Het dorp Scheemda is ontstaan uit twee middeleeuwse kerkdorpen; Scheemda en Eexta, langgerekte streekdorpen, ontstaan in de 11e of 12e eeuw toen het veengebied in het Wold-Oldambt bewoond raakte en het land in cultuur werd gebracht. De eeuwenoude verkaveling van opstrekkende heerden, was nog tot aan de ruilverkaveling in de jaren zeventig aanwezig. Het oude centrum van het dorpje Eexta is te vinden rond de voormalige pastorie achteraan de Kerklaan. Daar, op het kerkhof, stond tot 1870 ook de 13e eeuwse kruiskerk. Langs de Buiteneexterweg en verder in zuidelijke richting waren de boerderijen gevestigd.
opgraving 1988 - 1989 oud Scheemda
Het dorp Scheemda lag oorspronkelijk verder naar het noorden. Ongeveer waar de Pastorieweg met een viaduct de A7 kruist, lag het oude kerkhof waarop in de 13e eeuw een kruiskerk met losstaande toren waren gebouwd. Bij opgravingen tijdens de aanleg van de A7, werd het kerkhof met de standplaats van kerk en toren blootgelegd. Bodemdaling als gevolg van de bewerking van de veenbodem en een steeds verder oprukkende Dollard, waren er de oorzaak van, dat de Scheemder boeren hun bedrijven eind 15e eeuw gingen verplaatsen naar hogere grond. Dat kon eenvoudig, omdat ze werden herbouwd verderop, op de eigen opstrek. De Dollarduitbreiding in 1509 gaf het zetje om ook de kerk af te breken en naar hogere grond te verplaatsen, de huidige Scheemder kerk bij de toren. Die hogere grond was alleen te vinden langs de Eexter dorpsgrens en zo ontstond een dubbeldorp en bedroeg de afstand tussen de nieuw gebouwde kerk van Scheemda en de oude kruiskerk van Eexta na de verplaatsing slechts 700 meter.
De 'nieuwe' Scheemder kerk
De 'samensmelting' van de dorpen Scheemda en Eexta
Waren beide dorpen eeuwenlang slaperige boerendorpen, na 1635 veranderde. Scheemda en Eexta kwamen aan het het Trekdiep van Groningen naar Winschoten te liggen. Reizigers passeerden het dorp met de trekschuiten en goederen konden in Scheemda worden in- en uitgeladen. Voor rijtuigen en wagens was het mogelijk de trekweg langs het diep te gebruiken. Ten behoeve van de reizigers ontstonden in Scheemda langs het diep logementen en een post- en veerhuis en ontwikkelde zich de handel en nering. Belangrijk werd het vervoer van landbouwproducten vanuit het Oldambt naar Groningen en de aanvoer van turf als brandstof vanuit de veenkoloniën. Verder werden aan het diep in de 18e en 19e eeuw een zaagmolen en een pelmolen gebouwd. Toch behield het dorp tot ver in de 20e eeuw zijn landbouwkarakter waarvan de grote Oldambster boerderijen aan de Oosterstraat, de Buiteneexterweg en de Stationsstraat nog getuigen.

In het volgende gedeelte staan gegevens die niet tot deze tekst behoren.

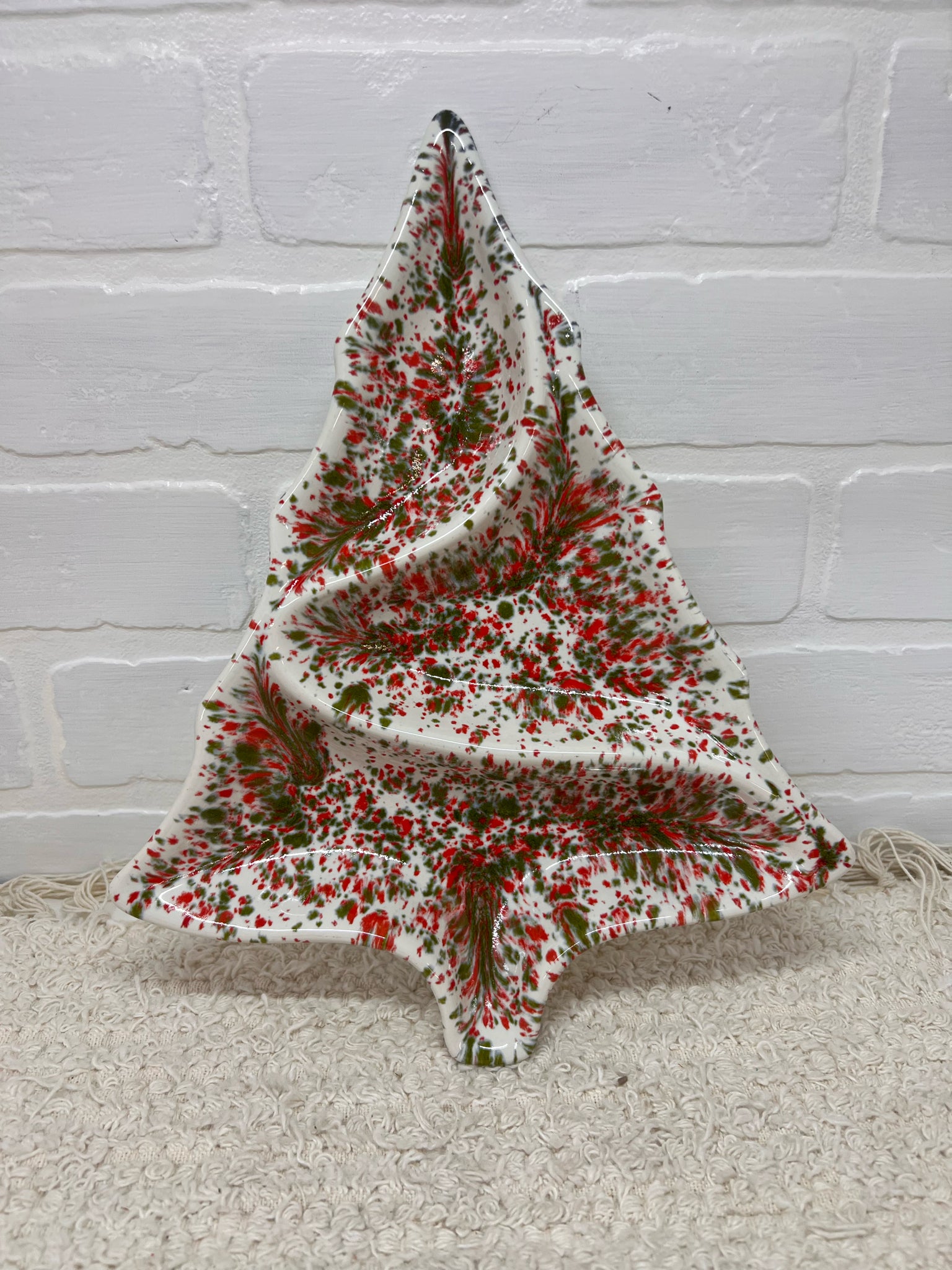 Vintage 1970's ceramic Christmas Tree shaped cookie or relish tray- divided- decorated in red and green spatters. A Christmas classic! Small rough area on one corner, see pic.

De trekvaart door het dorp Scheemda
Oldambster boerderij aan de Oosterstraat
In 1811 vormden de dorpen Scheemda, Eexta, Nieuw Scheemda, ’t Waar, Westerlee en Heiligerlee samen de gemeente Scheemda. In Scheemda vergaderde ook het gemeentebestuur, eerst in logementen en later in Hotel Panman. In 1906 werd in Scheemda een groot nieuw postkantoor in gebruik genomen en kreeg de gemeente de beschikking over het oude, in 1878 gebouwde postkantoor. Scheemda kreeg een echt gemeentehuis, compleet met gemeentewapen. In die tijd waren beide dorpen al tot één kern samengegroeid. In 1964 werd de naam Eexta opgeheven en vanaf dat moment was alles Scheemda.
De vooruitgang van Scheemda is niet los te zien van een aantal belangrijke ontwikkelingen op het gebied van vervoer. Nadat het eerst aan de belangrijke waterweg van Winschoten naar Groningen was komen te liggen, werd in 1868 ook de spoorlijn Groningen-Nieuwschans langs Scheemda aangelegd en kreeg het dorp een stationsgebouw. De trekschuiten verdwenen en de trein kwam daarvoor in de plaats. In de jaren vijftig van de vorige eeuw werd het Winschoterdiep verbreed en verdiept en deels om Scheemda geleidt. Langs het kanaal kwam de Rijksweg van Groningen naar Nieuweschans te liggen. Water-, spoor-, en wegverbindingen zorgden voor een goede infrastructuur voor bedrijvigheid rond de in 1917 aangelegde Eextahaven.